_INPUT DATA_.
..........
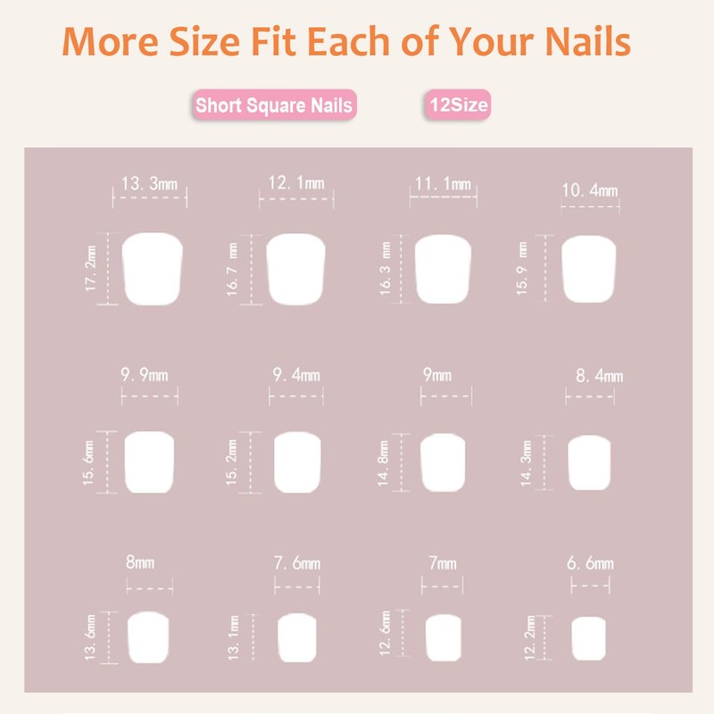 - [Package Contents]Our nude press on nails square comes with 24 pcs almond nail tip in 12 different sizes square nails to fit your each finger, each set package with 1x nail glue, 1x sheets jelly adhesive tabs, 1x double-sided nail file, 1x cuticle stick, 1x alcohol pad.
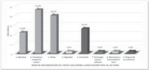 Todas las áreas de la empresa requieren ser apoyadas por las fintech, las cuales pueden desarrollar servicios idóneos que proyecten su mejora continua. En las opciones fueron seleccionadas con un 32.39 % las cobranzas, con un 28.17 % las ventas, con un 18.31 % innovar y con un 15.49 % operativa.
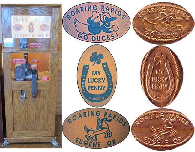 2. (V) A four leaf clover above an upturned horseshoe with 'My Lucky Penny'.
..........
From the first line to the last, repeat the data above exactly and leave the pictures out.

_ANSWER TO THIS TASK_.
 - [Package Contents]Our nude press on nails square comes with 24 pcs almond nail tip in 12 different sizes square nails to fit your each finger, each set package with 1x nail glue, 1x sheets jelly adhesive tabs, 1x double-sided nail file, 1x cuticle stick, 1x alcohol pad.
 Todas las áreas de la empresa requieren ser apoyadas por las fintech, las cuales pueden desarrollar servicios idóneos que proyecten su mejora continua. En las opciones fueron seleccionadas con un 32.39 % las cobranzas, con un 28.17 % las ventas, con un 18.31 % innovar y con un 15.49 % operativa.
 2. (V) A four leaf clover above an upturned horseshoe with 'My Lucky Penny'.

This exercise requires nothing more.